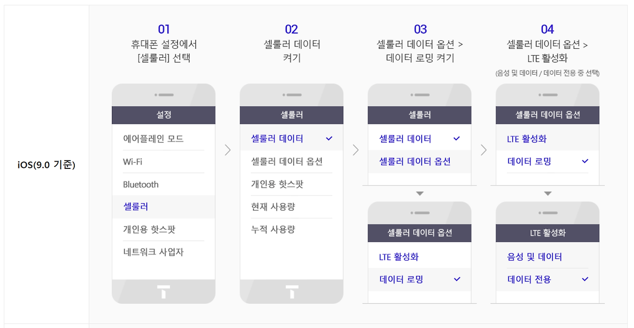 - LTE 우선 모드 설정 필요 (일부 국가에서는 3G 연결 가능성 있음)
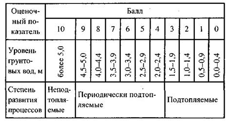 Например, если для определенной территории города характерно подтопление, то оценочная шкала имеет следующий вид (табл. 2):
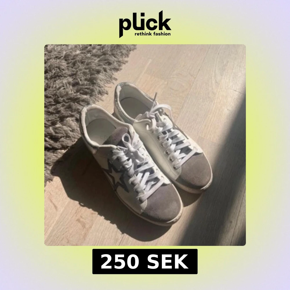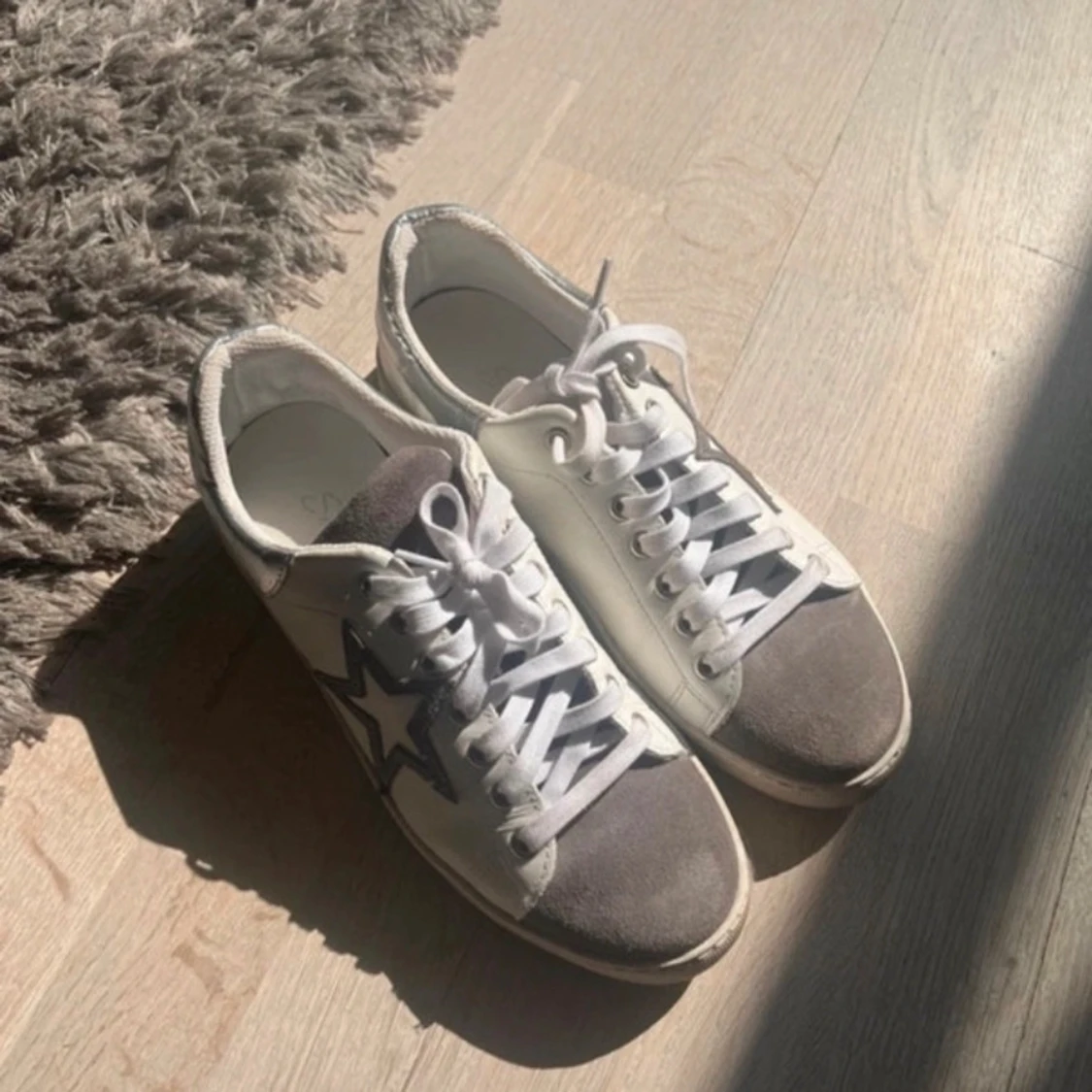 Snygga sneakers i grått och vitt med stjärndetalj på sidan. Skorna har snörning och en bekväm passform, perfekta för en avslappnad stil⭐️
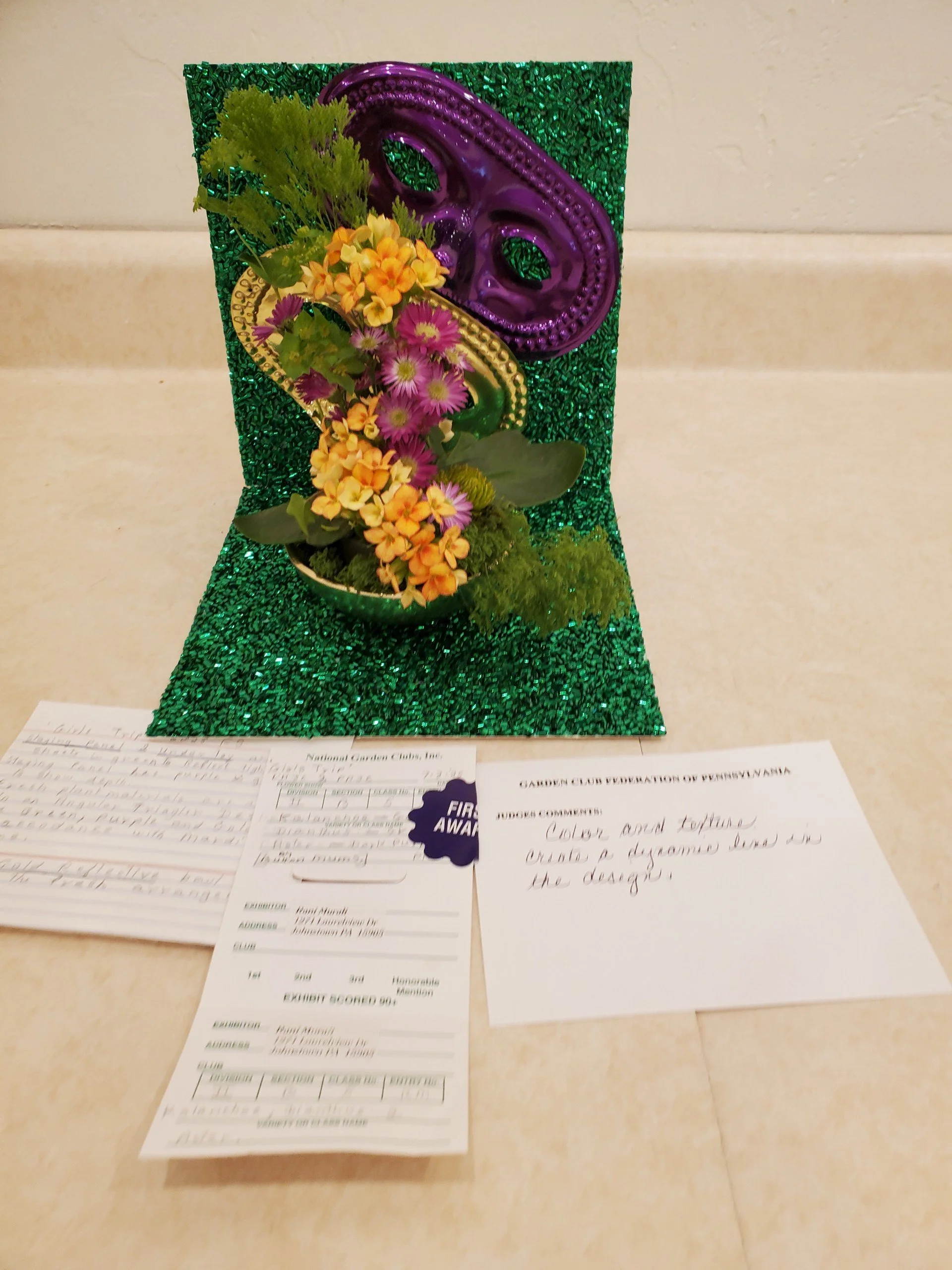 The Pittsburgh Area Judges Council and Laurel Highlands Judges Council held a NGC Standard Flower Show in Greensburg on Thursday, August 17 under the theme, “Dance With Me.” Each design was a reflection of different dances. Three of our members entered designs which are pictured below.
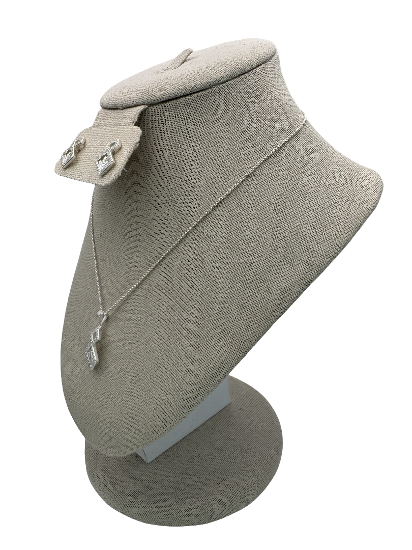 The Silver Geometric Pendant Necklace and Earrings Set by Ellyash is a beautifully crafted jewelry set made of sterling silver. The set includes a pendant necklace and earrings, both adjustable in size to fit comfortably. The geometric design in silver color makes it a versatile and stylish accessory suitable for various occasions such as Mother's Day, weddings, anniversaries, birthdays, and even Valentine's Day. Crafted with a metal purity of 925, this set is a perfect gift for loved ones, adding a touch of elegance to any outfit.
::::::
In the entries above, find the line with "Например, если для" and the line with "Snygga sneakers i". Return exactly those lines and all the ones between them, pictures excluded.

SOLUTION BELOW:
 Например, если для определенной территории города характерно подтопление, то оценочная шкала имеет следующий вид (табл. 2):
 Snygga sneakers i grått och vitt med stjärndetalj på sidan. Skorna har snörning och en bekväm passform, perfekta för en avslappnad stil⭐️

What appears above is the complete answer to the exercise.